**WORK INSTRUCTION**
The answer should hold every line of the listing, unchanged and free of images.

**RECORDED INFORMATION**
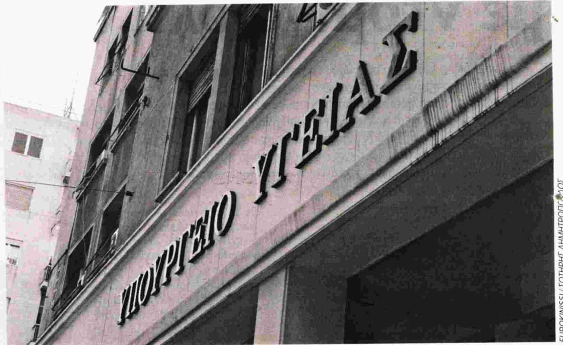
ΕΥΡΟΚΙΝΗΣΗ / ΣΩΤΗΡΗΣ ΔΗΜΗΤΡΟΠΟΥΛΟΣ

Την ανεμπόδιστη πρόσβαση όλων των ανθρώπων στο δημόσιο σύστημα Υγείας ζητούν τα αυτοοργανωμένα Κοινωνικά Ιατρεία και Φαρμακεία του Ιλίου, της Ν. Φιλαδέλφειας, της Ν. Χαλκηδόνας, της Πατησίων/Αχαρνών, της Ν. Σμύρνης και της Σαλαμίνας με κινητοποίησή τους αύριο στις 11.30 έξω από το υπουργείο Υγείας
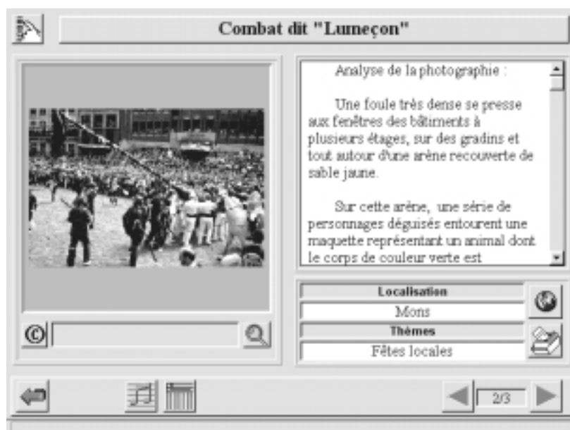
Figure 3 : Ecran du logiciel IMAGES

Si la séquence animée permet de rendre visibles des aspects qui ne le sont pas dans la réalité, les images peuvent aussi être un miroir de la réalité. Bien souvent les images qui jouent ce rôle agissent en complémentarité avec une description textuelle comme dans le logiciel IMAGES (voir figure 3).

**WRITTEN REPLY**
ΕΥΡΟΚΙΝΗΣΗ / ΣΩΤΗΡΗΣ ΔΗΜΗΤΡΟΠΟΥΛΟΣ

Την ανεμπόδιστη πρόσβαση όλων των ανθρώπων στο δημόσιο σύστημα Υγείας ζητούν τα αυτοοργανωμένα Κοινωνικά Ιατρεία και Φαρμακεία του Ιλίου, της Ν. Φιλαδέλφειας, της Ν. Χαλκηδόνας, της Πατησίων/Αχαρνών, της Ν. Σμύρνης και της Σαλαμίνας με κινητοποίησή τους αύριο στις 11.30 έξω από το υπουργείο Υγείας
Figure 3 : Ecran du logiciel IMAGES

Si la séquence animée permet de rendre visibles des aspects qui ne le sont pas dans la réalité, les images peuvent aussi être un miroir de la réalité. Bien souvent les images qui jouent ce rôle agissent en complémentarité avec une description textuelle comme dans le logiciel IMAGES (voir figure 3).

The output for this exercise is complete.